Теперь я поняла, что Романовский и Светлов говорили чистую правду. Я и раньше в этом не сомневалась, но тогда комната была темной, а сейчас…
Перцептин ввели поочередно Кузнецову и Казакову. Странно было видеть, как менялись их опухшие от безудержного в последние три дня пьянства лица. Лица светлели, как-то сразу осмыслялся взгляд. Всесокрушающий, мощный интеллект светился в нем.
Мир поменялся. Достаточно сказать, что я зримо ощущала траектории движения всех находящихся в комнате секунды на четыре вперед.

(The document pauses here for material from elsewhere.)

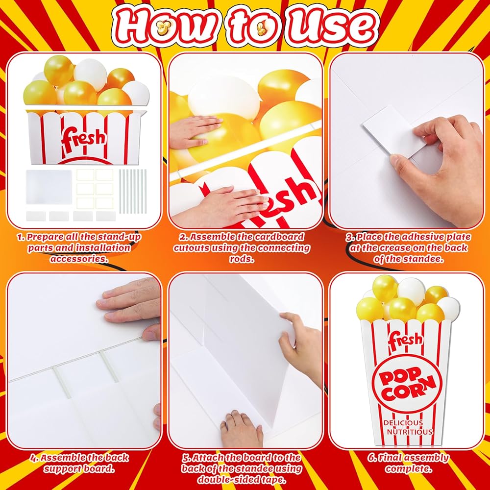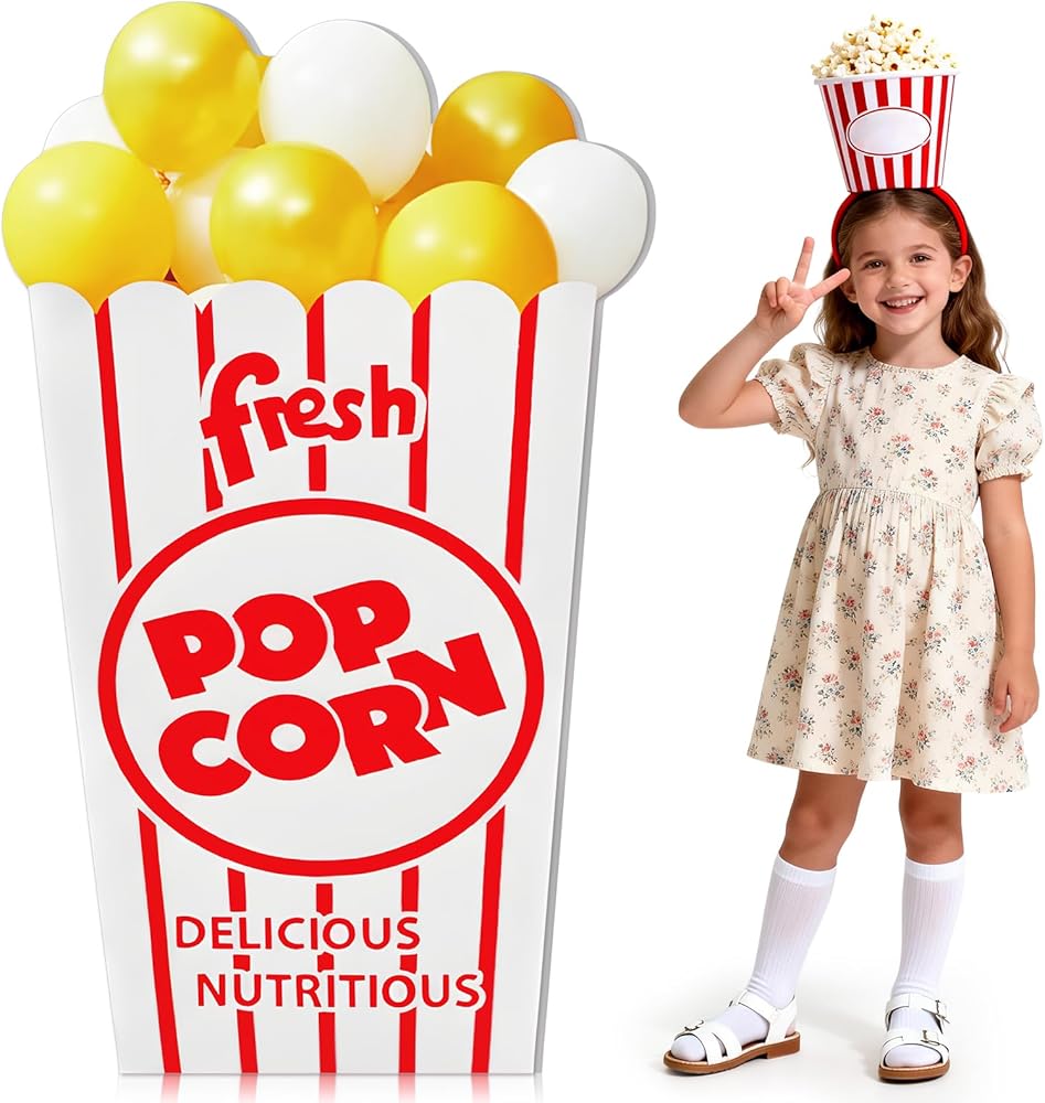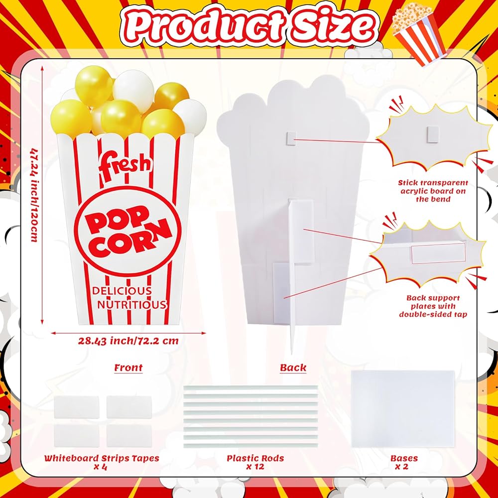Pairs easily with marquee letters, film reels, star banners, or ticket-booth props to create cohesive visual storytelling across event spaces. The striped artwork complements classic theater décor inspired by striped red & white popcorn box cardboard

— Действие разовьется до максимума через пять минут, — сказал Анкутдинов, — возвратимся в ту комнату, господа. Тимофеев, свяжи их, кроме Ивановой, она первая пройдет тест. А то они сейчас изобретательные…
И Анкутдинов двинулся в дверной проем и тут же больно ударился головой о косяк. Да нет же, он не двигался!..

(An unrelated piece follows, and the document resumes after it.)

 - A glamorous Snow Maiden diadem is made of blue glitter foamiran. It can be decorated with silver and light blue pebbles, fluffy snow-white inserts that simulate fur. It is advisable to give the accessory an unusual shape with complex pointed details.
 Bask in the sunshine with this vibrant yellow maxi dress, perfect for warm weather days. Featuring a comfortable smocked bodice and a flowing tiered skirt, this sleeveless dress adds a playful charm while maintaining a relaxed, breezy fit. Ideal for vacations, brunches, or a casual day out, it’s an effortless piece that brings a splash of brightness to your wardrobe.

Тьфу ты, подумала я, что делает этот перцептин. Наверно, название от латинского «perceptio» — «воспринимаю». Как это раньше мне в голову не пришло?..

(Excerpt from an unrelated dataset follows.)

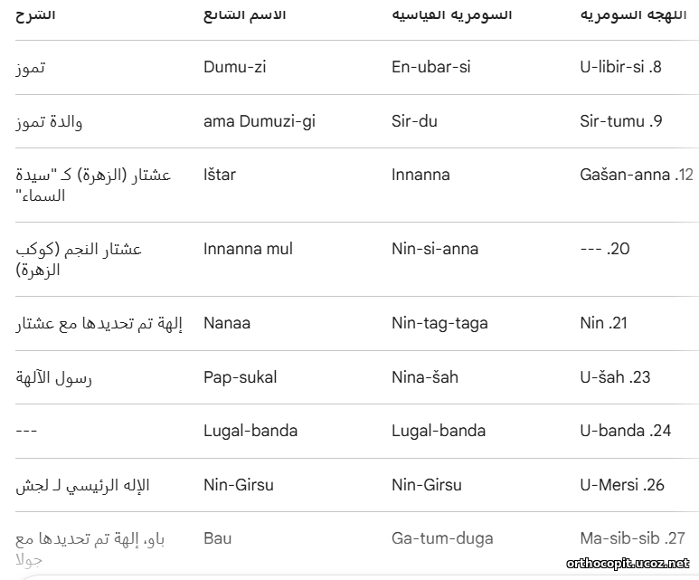 السطر 36: U-mu-zi-da (Nin-giš-zi-da) - نين-جيش-زيدا: "سيد الشجرة الأبدية".

А Анкутдинов все еще стоял в лаборатории, затем сделал два шага вперед и ударился головой о косяк. На самом деле…
— О господи! — пробормотала я, и при слове «господи» мой мозг наполнился мыслями о пяти доказательствах существования бога и прочей заумной дребеденью. Почему-то вертелось слово «Ахурамазда», без моей воли образуя родственные.
Тьфу ты, я и слов таких не знаю!
…Тест наполнился глубочайшим содержанием. При ответе на вопрос: «Поезд идет с востока на запад, самолет летит с запада на восток. Кто движется быстрее?» — я задумалась о том, что и Земля вращается по вектору движения поезда, а потому, пожалуй…
— Ну что ж, — сказал Лейсман. — Ваш IQ около 210 баллов. Людей с таким показателем на планете можно пересчитать по пальцам.
И Лейсман ткнул в изуродованную старой раной левую руку Новаченко, на которой не было безымянного пальца и не хватало верхней фаланги мизинца.
— Вы говорили, что значительно улучшается память, — произнес Ставицкий. — Можно, я назову мисс Ивановой ряд слов на английском, польском и русском языках, и она воспроизведет их в том же порядке.
— Пожалуйста, — кивнул Анкутдинов.
Ставицкий выпалил мне с полсотни слов, которые почему-то сразу выстраивались в столбик перед моим мысленным взглядом.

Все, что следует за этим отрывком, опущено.